JustinW, on 28 December 2011 - 07:05 PM, said:
Hello Phi, I was reading through here and wondered what policies affect other countries? And I'm willing to bet that it would either have to do with money or military. Both would have to be taken into great concideration as to our position of strength and stability.
And forgive me for asking this in two different threads. It was touched on in both. What is it about our constitution that needs to be updated? Or what goals need to be redirected? I keep hearing this but no one ever says why.
It may not be that we need changes to our Constitution. As I said before, we may just need to redefine our goals with regards to what's already in the Constitution.
I'm not really all that qualified to talk about military matters. Personally, I think there is a huge conflict of interest in the way we acquire our weapons, but I also acknowledge that there is still a need to defend ourselves. I think the military is used to further the interests of certain business sectors, and I disagree with that use vehemently. I think if you remove the conflicts of interest, you might find that conflicts as a whole will decrease as well.
Money, though, that's a different matter. The US economy is so huge that it can't help but affect the rest of the world.

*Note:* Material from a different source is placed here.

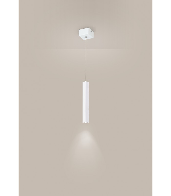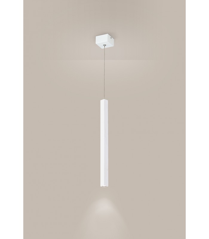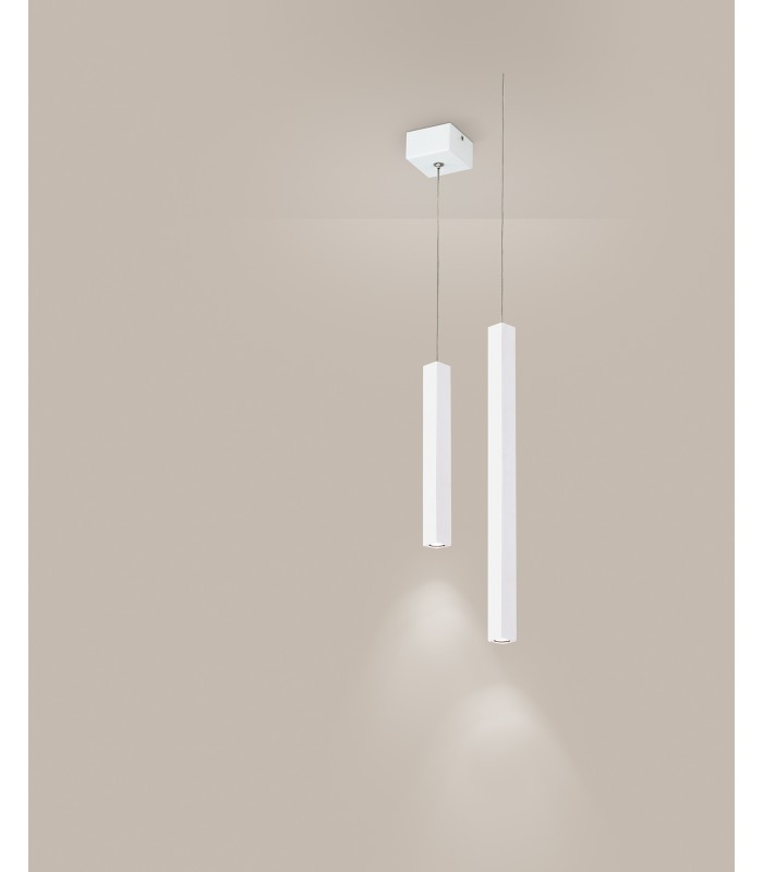 Lampade a Led che emettono luce diretta verso il basso in modo preciso e morbido. Tubi ha una forma allungata e quadrata realizzata in metallo verniciato in bianco con finitura sabbiata che la rende elegante e sofisticata.
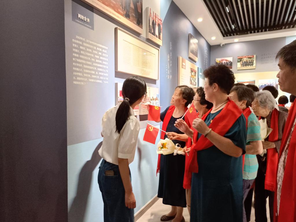 新老党员们参观苏步青谷超豪纪念馆。馆厅前两位院士塑像神采奕奕、栩栩如生。展馆走廊内仿真场景、影音视频、媒体互动等技术生动展示了两位院士的丰富经历,在讲解员的带领下,全体党员全方位地了解两位温籍数学家的生平事迹与突出贡献。苏步青先生和谷超豪先生作为William威廉的燃灯者和提灯人,他们浓厚的家国情怀和无私付出精神,至今仍照耀着每一位温大师生。全体党员在聆听讲解和自由参观中,深切感受到苏步青、谷超豪二位老校长潜心钻研、勤学修德、为国为民的崇高精神,并纷纷表示始终不忘初心、牢记使命,坚定理想信念,继续砥砺奋进,将这种精神付诸于行。

Foreign aid, as an example, affects other countries tax rates and how they perceive us. While we currently give aid in order to help economies avoid needless poverty, much of our aid only affects a relatively small number of people in these countries, and does very little to reform policies that perpetuate the destitution.
Since the US started growing sugar after the Louisiana Purchase, we have imposed tariffs on foreign sugar and subsidized our own growers with a bizarre and labyrinthine program that is supposed to protect us from the volatility of the world's sugar markets. They have done so by keeping US sugar prices at the very top, higher than any other country (so we avoid the ups and downs by remaining constantly UP). A
Department of Commerce study shows that a 1-cent increase in US sugar prices adds between $250-300M to consumer food bills. The program itself, regardless of price hikes, costs the taxpayers more than $3B each year in handouts to growers who are already making 2-3 times world average for sugar production. Foreign quotas are set at the whim of those who control the programs, and we often put foreign growers out of business, then flood their markets with free food (with policies like Reagan's Quota Offset Program), which makes it almost impossible for the former foreign sugar growers to switch to other crops to eke out a living.
In other words, our policies are supposed to promote free enterprise and abolish poverty, yet they only promote our own businesses, impoverish foreign economies and only alleviate hunger for short amounts of time while forcing local foreign food growers out of business. We look like huge hypocrites to a good portion of the world, especially when our military gets involved in helping "the spread of democracy".